Я снова рассмеялась и сделала глоток вина. Это было мило. Она была милой. Агенты ФБР, которые охраняли меня, были великолепны, но все они были мужчинами. Было приятно провести немного времени с девушкой.
— Так как же вы оказались в Монтане? — спросила Брайс.
Мое хорошее настроение немного испортилось, и я опустила глаза на свой стакан.
— Это долгая история.
Несмотря на то, что прошло всего семь месяцев с тех пор, как я уехала, мне казалось, что прошли годы. Зима прошла, и весна переходила в лето. Год назад я была одна на аванпосте. Теперь я вернулась к своей шикарной жизни в шумном городе, с другими людьми, и никогда еще не была так одинока.
— Я бы с удовольствием послушала эту историю, если у вас есть время, — сказала Брайс.
Ее красивые карие глаза были такими добрыми и приглашающими, что я поймала себя на том, что рассказываю всю историю моего пребывания в Монтане.
И это стало катарсисом. Это был первый раз, когда я поделилась всем своим опытом и рассказала обо всем, что произошло с Бо. Даже Фелисити не знала всей истории. Я делилась с ней кое-чем во время наших обычных телефонных разговоров, но мы обе были так взволнованы предстоящим появлением ее ребенка, что в наших разговорах, как правило, преобладали обсуждения декора детской и разглагольствования о гендерно нейтральном зеленом.
Брайс внимательно слушала, и разговор с ней был именно тем, что мне было нужно. Держать все внутри и постоянно сохранять стоическое выражение лица было частью того, почему я так устала. Один час разговора с ней придал мне больше энергии, чем полноценный ночной сон.

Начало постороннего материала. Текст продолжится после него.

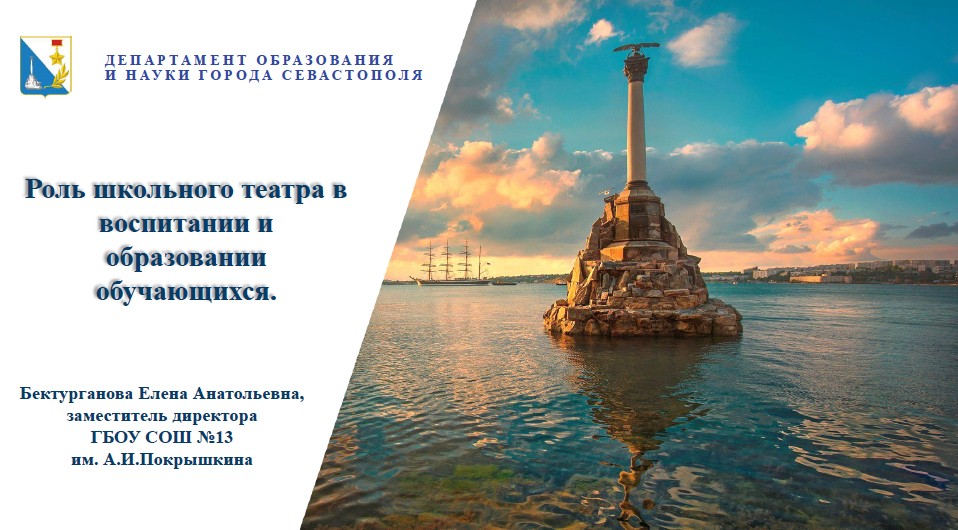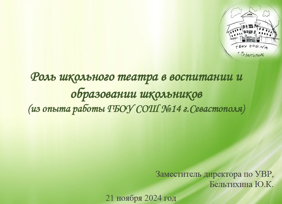 «Роль школьного театра в воспитании и образовании школьников» - Бельтихина Юлия Константиновна, заместитель директора по ВР ГБОУ СОШ № 14
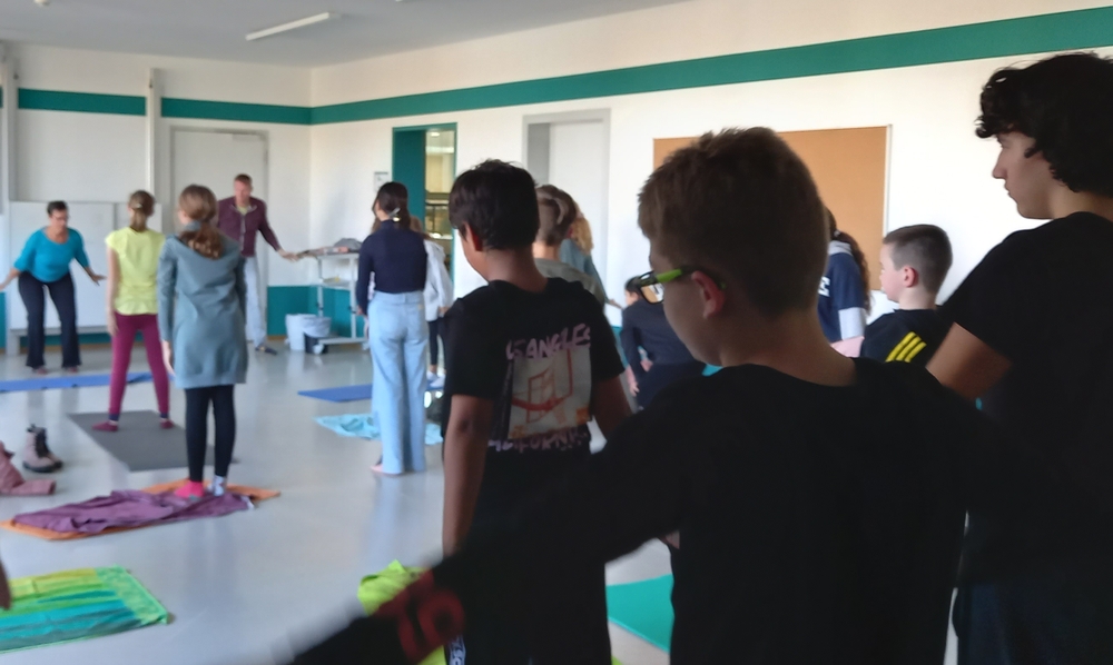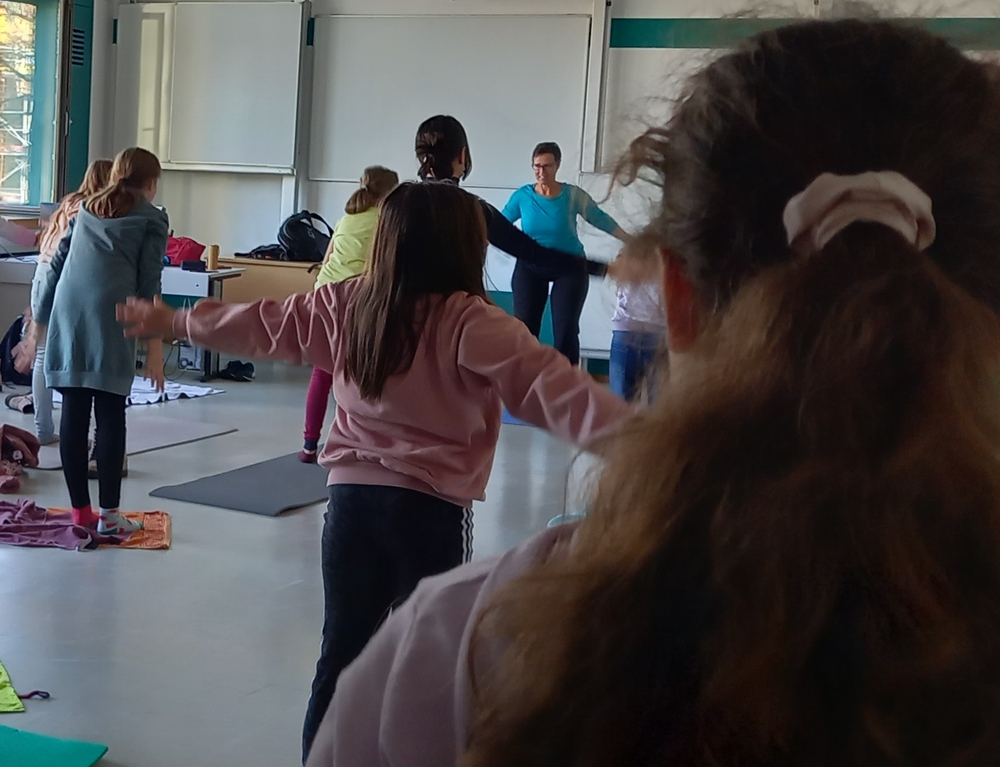 Beim Erstellen von Bienenwachs-kerzen und einem Imkervortrag an unserer Schule lernten die Schülerinnen und Schüler die Bedeutung der Bienen kennen und konnten dabei auch gleich ein Glas Honig erwerben. Ihre Fitness legten die Heranwach-senden dann mit einem einstün-digen „Pilates flow“- Training an den Tag.
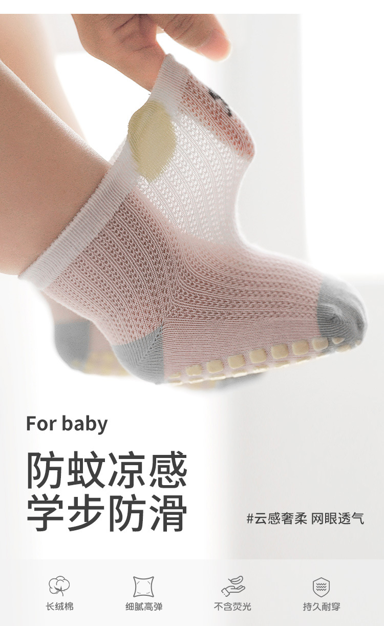 아기 바닥 양말 여름 초박형 아기 양말 통기성 어린이 미드 튜브 양말 미끄럼 방지 신생아 유아 양말
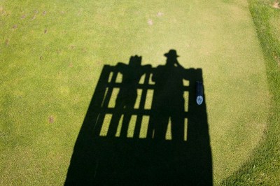 We were up on a viewing stand to see if the next green was clear.
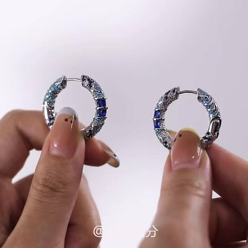 「梵高星空」民族风景泰蓝珐琅花纹耳圈高颜值重工显脸小气质耳饰
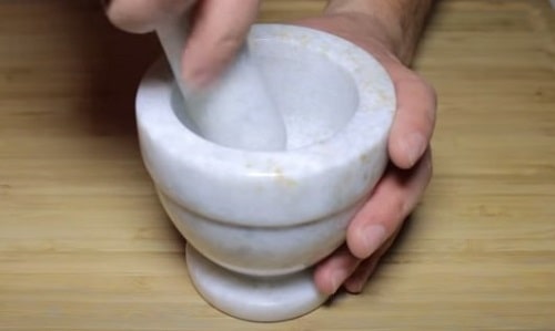 - Очистіть головку часнику. Розітріть в ступці, закладаючи по кілька зубчиків. Підсолити, тоді перетирати часточки стане легше.

— Вы разговаривали с Бо с тех пор, как вернулись? — спросила она.
Я покачала головой.
— Нет, у меня даже нет номера его телефона. Я могла бы узнать его у Фелисити, но никто из нас никогда не упоминает о нем. Она знает, что это грустная тема, и я не могу заставить себя спросить, как у него дела. — Я хотела, чтобы он был счастлив, но была в ужасе, если он нашел кого-то нового. А пока я цеплялся за невежество, продолжая пытаться собрать воедино осколки своего сердца.

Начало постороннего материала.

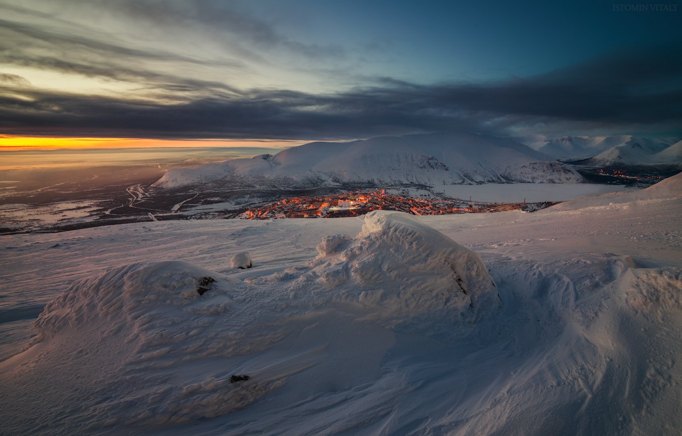 пейзаж,кировск,хибиногорск,россия,закат,снег,зима,небо,цвет,свет,город,сумерки, Виталий Истомин
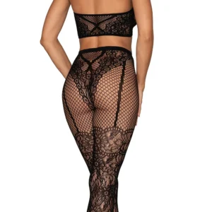 Set aus feinem Netz-BH und bedruckter Strumpfhose – DG0391BLK
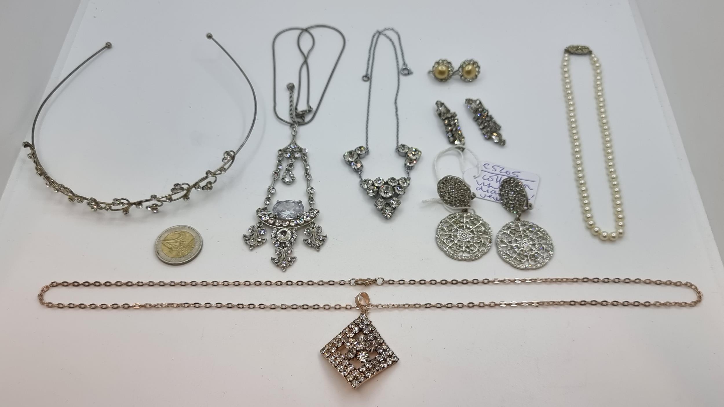 A nice collection of diamante jewellery. Consisting of necklaces, bracelets and earrings (with clasp fittings).

Брайс покачала головой и прикусила нижнюю губу.
— Мне так жаль, что у вас двоих ничего не получилось.
И тебе и мне, нам обеим. Я протянула руку и похлопала ее по руке, благодарная за сочувствие.
— Теперь все кончено, и, вероятно, к лучшему. — Я повторяла эту мантру каждый день с тех пор, как покинула Прескотт. Время исцелит мое сердце или, по крайней мере, притупит боль.
Я надеюсь.
Подошел официант, и мы с Брайс заказали еще по бокалу вина, что послужило хорошим поводом для перехода к другой теме.

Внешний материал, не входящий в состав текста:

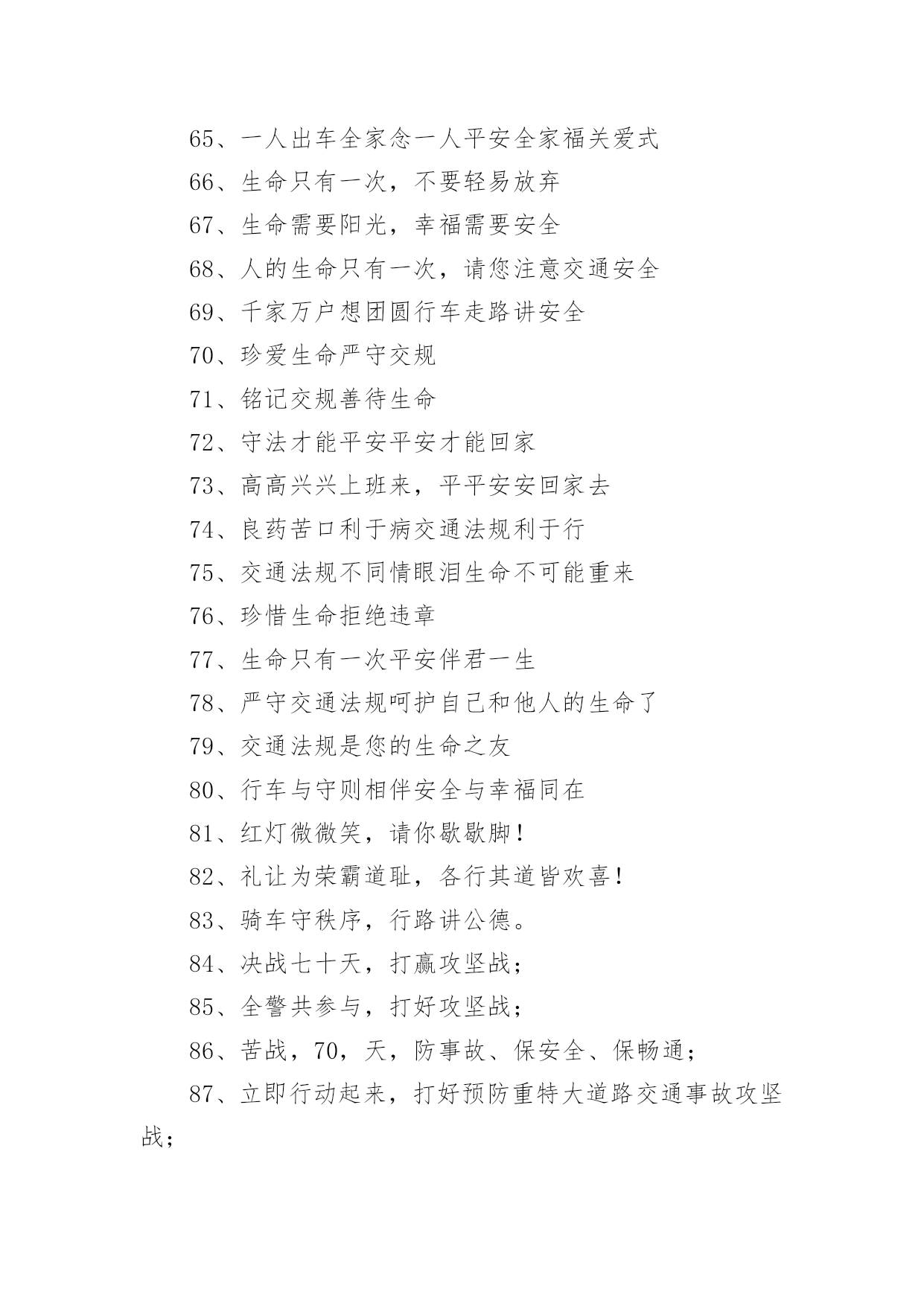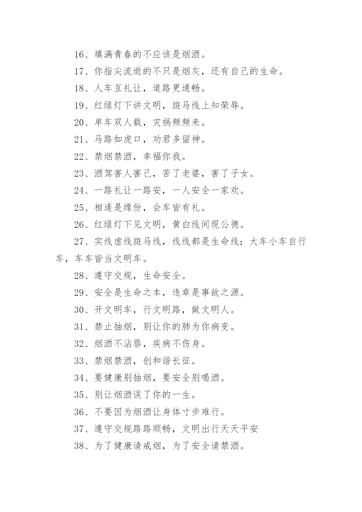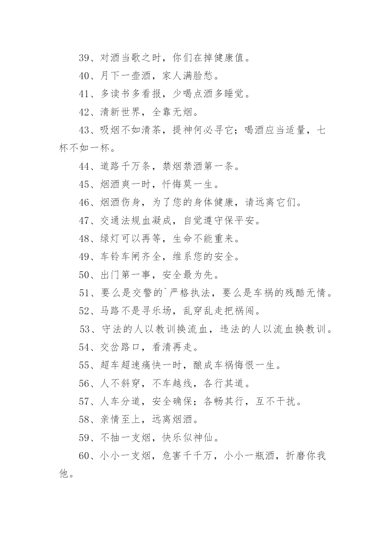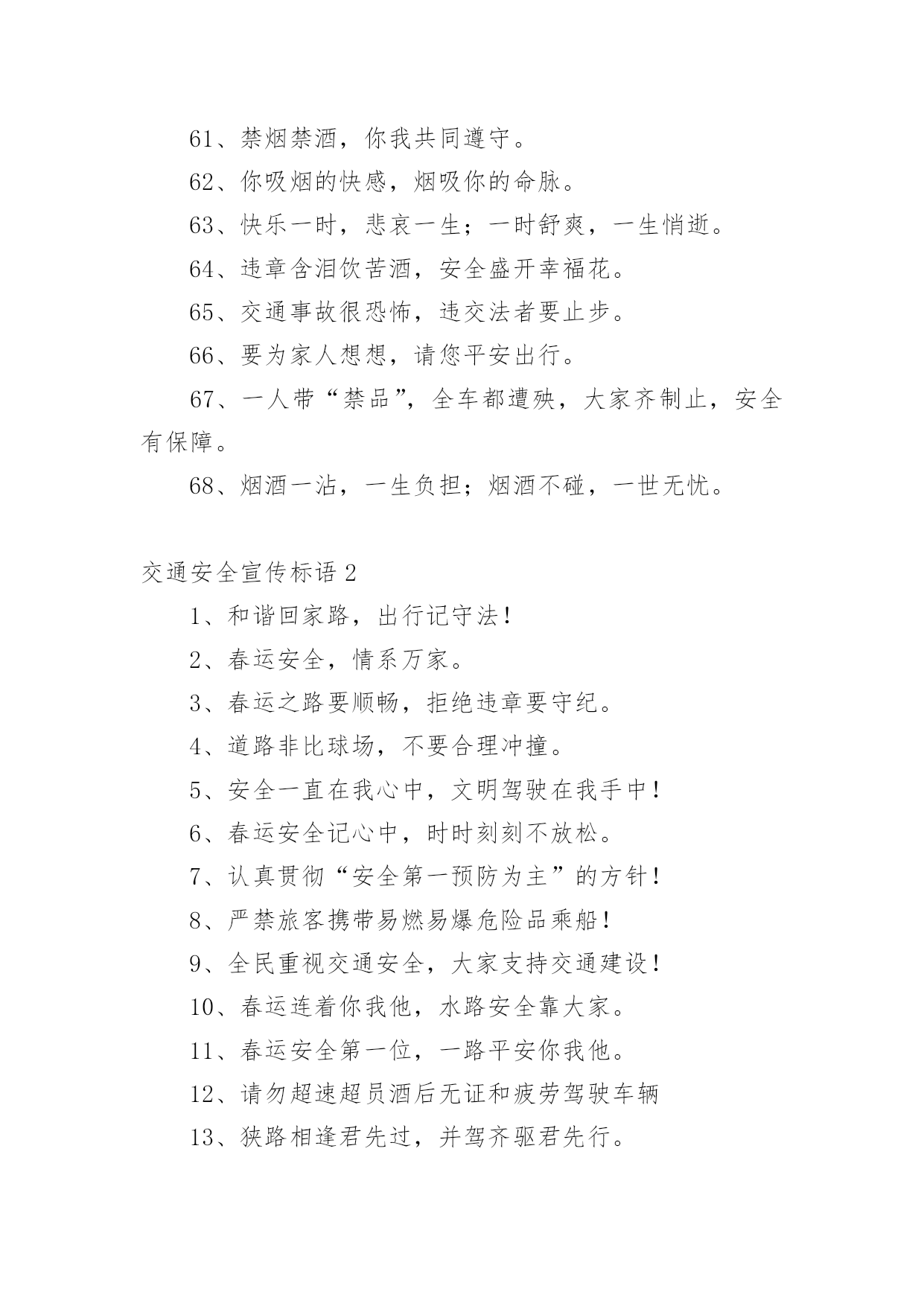 交通安全宣传标语在日常的学习、工作、生活中,大家或多或少都接触过一些经典的标语吧,标语在一定程度上反映了社会经济制度的本质和社会的文明程度,它的意义十分重大。究竟什么样的标语才是好的标语呢?以下是小编为大家收集的交通安全宣传标语,欢迎阅读,希望大家能够喜欢。交通安全宣传标语11、永远不要与生命赛跑。2、抽烟是魔鬼,少活二十岁。3、平安过一生,烟酒勿相碰。4、摒弃烟酒陋习创造健康新未来。5、少喝一杯酒,少抽一只烟,快乐你我他。6、拒绝烟草,珍爱生命。7、无烟校园,清新一片。8、饭后不抽烟,赛过活神仙。9、酒是烈焰,多酌烧身;烟是魔鬼,多抽伤身。10、梦是相反,烟酒是正面一击。11、喜欢你没有烟草和酒精的味道。12、烟,吸进去的是尼古丁,吐出来的是你的生命。13、抽烟喝酒,有害健康。14、健康,随烟而逝;病痛,伴烟而生。15、创建无烟酒校园,共度无烦恼人生。16、填满青春的不应该是烟酒。17、你指尖流逝的不只是烟灰,还有自己的生命。18、人车互礼让,道路更通畅。19、红绿灯下讲文明,斑马线上知荣辱。20、单车双人载,灾祸频频来。21、马路如虎口,劝君多留神。22、禁烟禁酒,幸福你我。23、酒驾害人害己,苦了老婆,害了子女。24、一路礼让一路安,一人安全一家欢。25、相逢是缘份,会车皆有礼。26、红绿灯下见文明,黄白线间现公德。27、实线虚线斑马线,线线都是生命线;大车小车自行车,车车皆当文明车。28、遵守交规,生命安全。29、安全是生命之本,违章是事故之源。30、开文明车,行文明路,做文明人。31、禁止抽烟,别让你的肺为你病变。32、烟酒不沾唇,疾病不伤身。33、禁烟禁酒,创和谐长征。34、要健康别抽烟,要安全别喝酒。35、别让烟酒误了你的一生。36、不要因为烟酒让身体寸步难行。37、遵守交规路路顺畅,文明出行天天平安38、为了健康请戒烟,为了安全请禁酒。39、对酒当歌之时,你们在掉健康值。40、月下一壶酒,家人满脸愁。41、多读书多看报,少喝点酒多睡觉。42、清新世界,全靠无烟。43、吸烟不如清茶,提神何必寻它;喝酒应当适量,七杯不如一杯。44、道路千万条,禁烟禁酒第一条。45、烟酒爽一时,忏悔莫一生。46、烟酒伤身,为了您的身体健康,请远离它们。47、交通法规血凝成,自觉遵守保平安。48、绿灯可以再等,生命不能重来。49、车铃车闸齐全,维系您的安全。50、出门第一事,安全最为先。51、要么是交警的`严格执法,要么是车祸的残酷无情。52、马路不是寻乐场,乱穿乱走把祸闯。53、守法的人以教训换流血,违法的人以流血换教训。54、交岔路口,看清再走。55、超车超速痛快一时,酿成车祸悔恨一生。56、人不斜穿,不车越线,各行其道。57、人车分道,安全确保;各畅其行,互不干扰。58、亲情至上,远离烟酒。59、不抽一支烟,快乐似神仙。60、小小一支烟,危害千千万,小小一瓶酒,折磨你我他。61、禁烟禁酒,你我共同遵守。62、你吸烟的快感,烟吸你的命脉。63、快乐一时,悲哀一生;一时舒爽,一生悄逝。64、违章含泪饮苦酒,安全盛开幸福花。65、交通事故很恐怖,违交法者要止步。66、要为家人想想,请您平安出行。67、一人带“禁品”,全车都遭殃,大家齐制止,安全有保障。68、烟酒一沾,一生负担;烟酒不碰,一世无忧。交通安全宣传标语21、和谐回家路,出行记守法!2、春运安全,情系万家。3、春运之路要顺畅,拒绝违章要守纪。4、道路非比球场,不要合理冲撞。5、安全一直在我心中,文明驾驶在我手中!6、春运安全记心中,时时刻刻不放松。7、认真贯彻“安全第一预防为主”的方针!8、严禁旅客携带易燃易爆危险品乘船!9、全民重视交通安全,大家支持交通建设!10、春运连着你我他,水路安全靠大家。11、春运安全第一位,一路平安你我他。12、请勿超速超员酒后无证和疲劳驾驶车辆13、狭路相逢君先过,并驾齐驱君先行。14、有一种期盼叫回家过年,有一种负责叫文明驾驶。15、人人守春运交规,户户才会齐欢乐!16、确保春运安全,合家欢度春节!17、春运保安全,真情满人间。18、春节回家团圆,莫忘路上交通安全。19、守交规迎春朝旭日,保平安贺喜庆羊年。20、分分秒秒珍惜生命,时时刻刻重视安全21、全力投入春运交通安全维护,打响新年交通安全第一炮!22、保障春运交通安全,营造节日祥和氛围!23、维护道路交通畅通,保障群众出行安全!24、自觉遵守道路交通安全法规,全力确保春运交通安全有序!25、规范行车秩序,严查交通违法,确保春运安全!26、强化春运客运管理,提高春运服务质量!27、春运安全连万家,出行平安你我他!28、春运保安全,真情满人间!29、安全是最好的效益,平安是全家的福气!30、守法规路路平安,慎驾驶家家团圆!31、保障春运交通安全,营造平安祥和的.节日氛围。32、严禁超员超

— Вы много писали с тех пор, как вернулись?
— Нет, — вздохнула я. — Я доработала три книги, которые написала на аванпосте, и они и были изданы, но я не написала ничего нового. — Из-за безумия возвращения и полного отсутствия мотивации я почти забросила роман, который начала на последней неделе на аванпосте. Мой компьютер не открывался целый месяц, потому что я просто не могла заставить себя писать.
— Я боюсь своего ноутбука, — призналась я. — Я чувствую, что, когда мои пальцы ударят по клавиатуре, это вызовет новые раны.
— Может быть, вам просто нужно время. Вы вернетесь в газету?
Брайс задавала мне тот же вопрос во время нашего интервью ранее, но я уклонилась от него, дав расплывчатый ответ.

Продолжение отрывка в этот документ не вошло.